Mitochondria are tiny factories within cells that generate the energy cells need to function. Inside the mitochondria, enzymes break down glucose and fatty acids from food and combine them with oxygen to produce an energy-storing molecule called ATP. Every cell in the body uses energy from ATP. Without it, blood vessels can’t maintain normal pressure, the heart can’t pump blood efficiently and cells can’t take up enough oxygen – all of which are required for healthy cardiovascular function and the capacity for exercise.

“After 11 generations of selective breeding, our low-capacity rats have abnormally low levels of proteins required to maintain adequate production of ATP,” Britton says.

The high-capacity rats, on the other hand, have accumulated genes that code for increased production of mitochondrial proteins and ATP. Sleek and trim, with an inborn ability to generate energy and metabolize oxygen efficiently, the high-capacity rats were literally born to run.

“We don’t train the rats to build up their exercise capacity,” says Koch, an assistant professor of physical medicine and rehabilitation in the Medical School. “At about 11 weeks of age, we introduce the rats to the treadmill and run them five times. Then we identify the 13 males and females with the highest inherent aerobic capacity and 13 males and females with the lowest aerobic capacity. Each group serves as the mating population for the next generation of high-capacity and low-capacity runners.”

The original founder population of 168 rats could run for an average of 23 minutes, according to Koch. Since then, the average treadmill running capacity has been increasing 41.8 meters per generation in the high-capacity rats and dropping 16.1 meters per generation in the low-capacity rats. The overall number of rats raised and tested so far stands at 2,912.

Britton and Koch hope their rats will help scientists evaluate new therapeutic drugs for cardiovascular disease and diabetes, or develop diagnostic tests to identify people most likely to develop these diseases as they get older. The rats are available for study by other researchers through a standard university materials transfer agreement.

In the meantime, what about the human equivalent of low-capacity rats – those of us who get tired just thinking about a treadmill?

Epidemiological and clinical studies with thousands of people have found low aerobic exercise capacity to be the strongest predictor of mortality among all risk factors for cardiovascular disease, Britton says.
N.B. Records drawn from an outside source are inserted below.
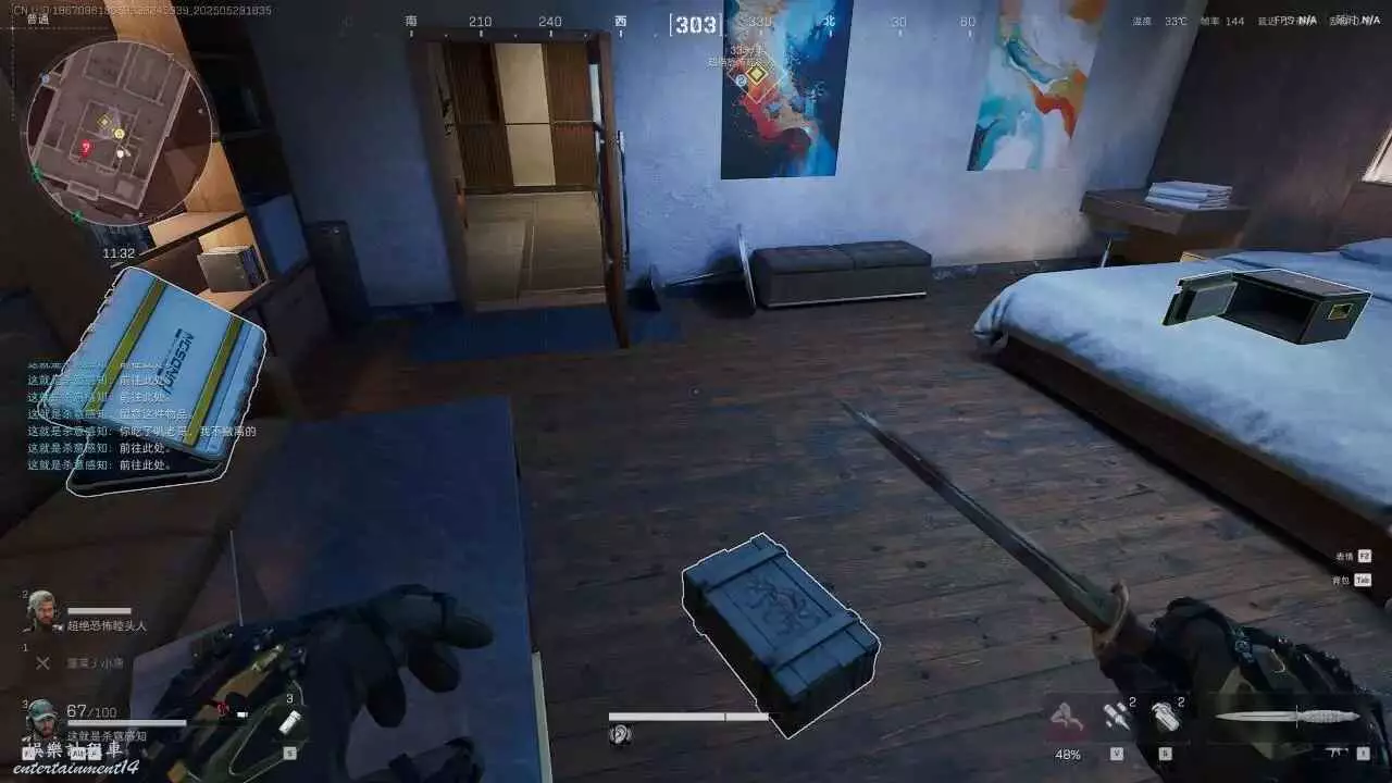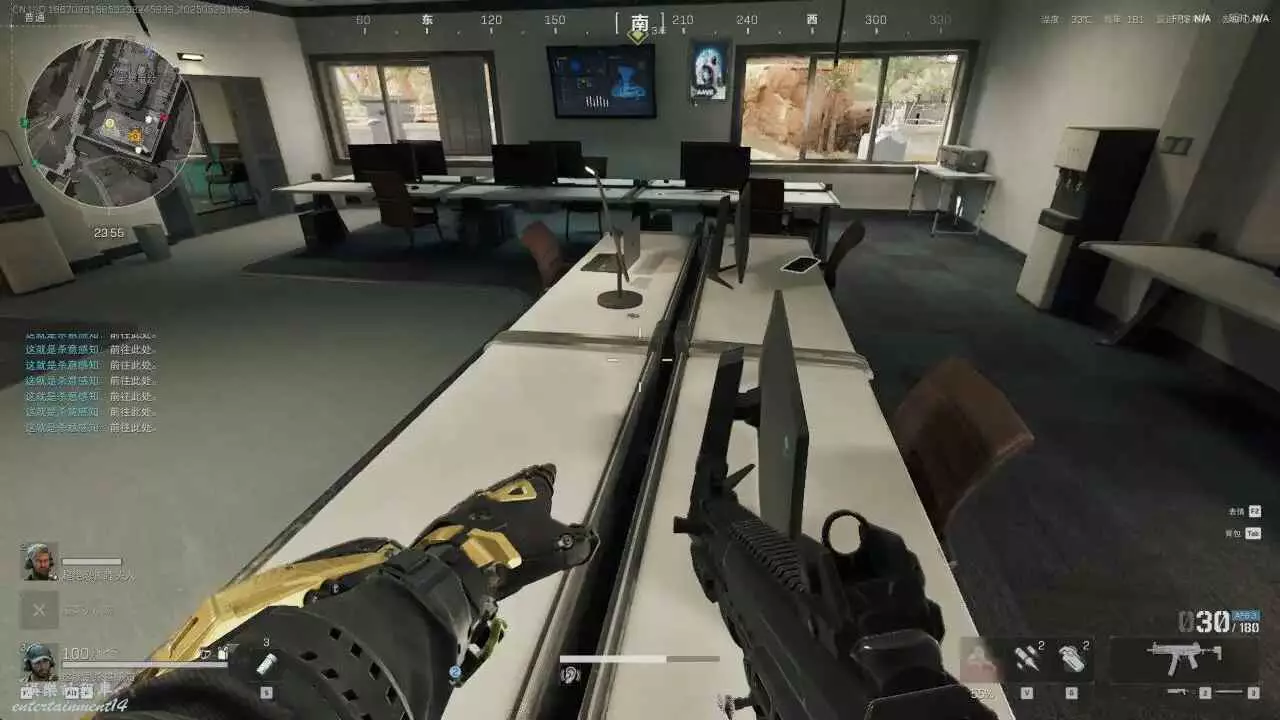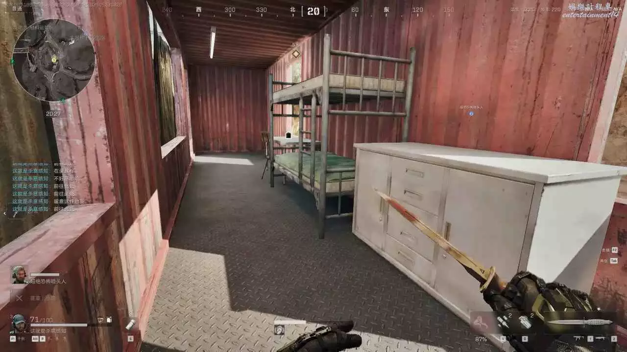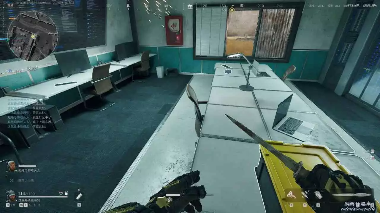 軍營1樓右手的電腦桌機左邊和後面的兩個貨架都要看,都會刷紅。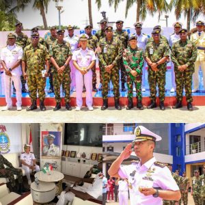 TNI AL terus memperkuat diplomasi maritim dan kemitraan strategis internasional dengan Angkatan Laut Nigeria melalui kunjungan kehormatan (courtesy visit) yang dilaksanakan oleh Komandan KRI Canopus-936 Kolonel Laut (P) Indragiri Yani saat sandar di Komando Armada Barat Angkatan Laut Nigeria dan diteima oleh Flag Officer Commanding Western Naval Command Nigerian Navy Rear Admiral A.A. Mustapha, pekan ini di Lagos, Nigeria.
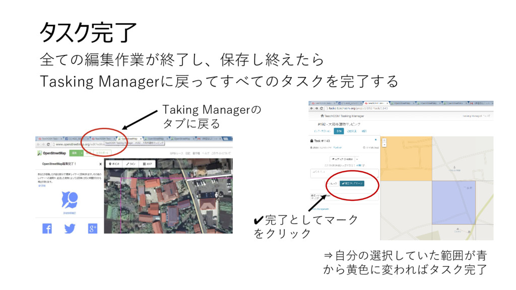 タスク完了 全ての編集作業が終了し、保存し終えたら Tasking Managerに戻ってすべてのタスクを完了する Taking Managerの タブに戻る ✔完了としてマーク をクリック ⇒自分の選択していた範囲が青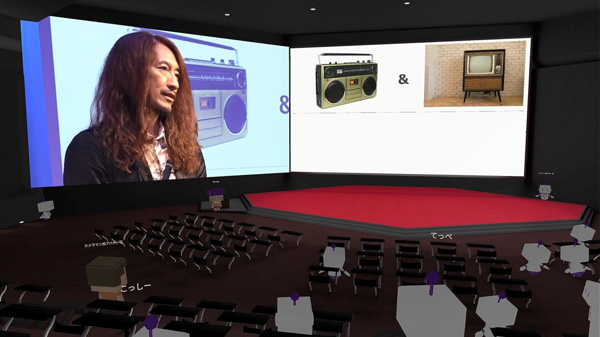 リアル会場内のLEDビジョンにはメタバース会場が投影され、そのメタバース会場内の大型スクリーンにはリアル会場が投影され、またそのリアル会場内の・・・という入れ子構造になった映像。それを見る参加者は、

So increasing the capacity for exercise is important to anyone who wants to lower their risk of dying from a heart attack or stroke.

“The reality of having a genetic determinant of our existence is that there are some people who are born with less ability to take up oxygen and transfer energy than others,” Britton says. “These people may have to work harder and will never reach the level of a professional athlete, but almost everyone can improve their aerobic capacity and health status with regular exercise.”

Research conducted by Wisloff and his associates in Norway confirms Britton’s statement. After taking baseline measurements of 12 variables associated with exercise capacity and heart function in a small group of Britton’s rats, Wisloff put the animals through a six-week training regimen on the treadmill. He found that even the low-capacity rats improved significantly in 11 of the 12 measures of exercise capacity, although not as much as the high-capacity rats.

“It’s important to remember that, as a result of artificial selection over 11 generations, our low-capacity rats have an abnormally low concentration of proteins required for energy production that may underlie the development of common diseases in humans,” Britton adds. “And, while our results are intriguing, future research will be needed to prove a direct cause-and-effect relationship between mitochondrial function and disease.”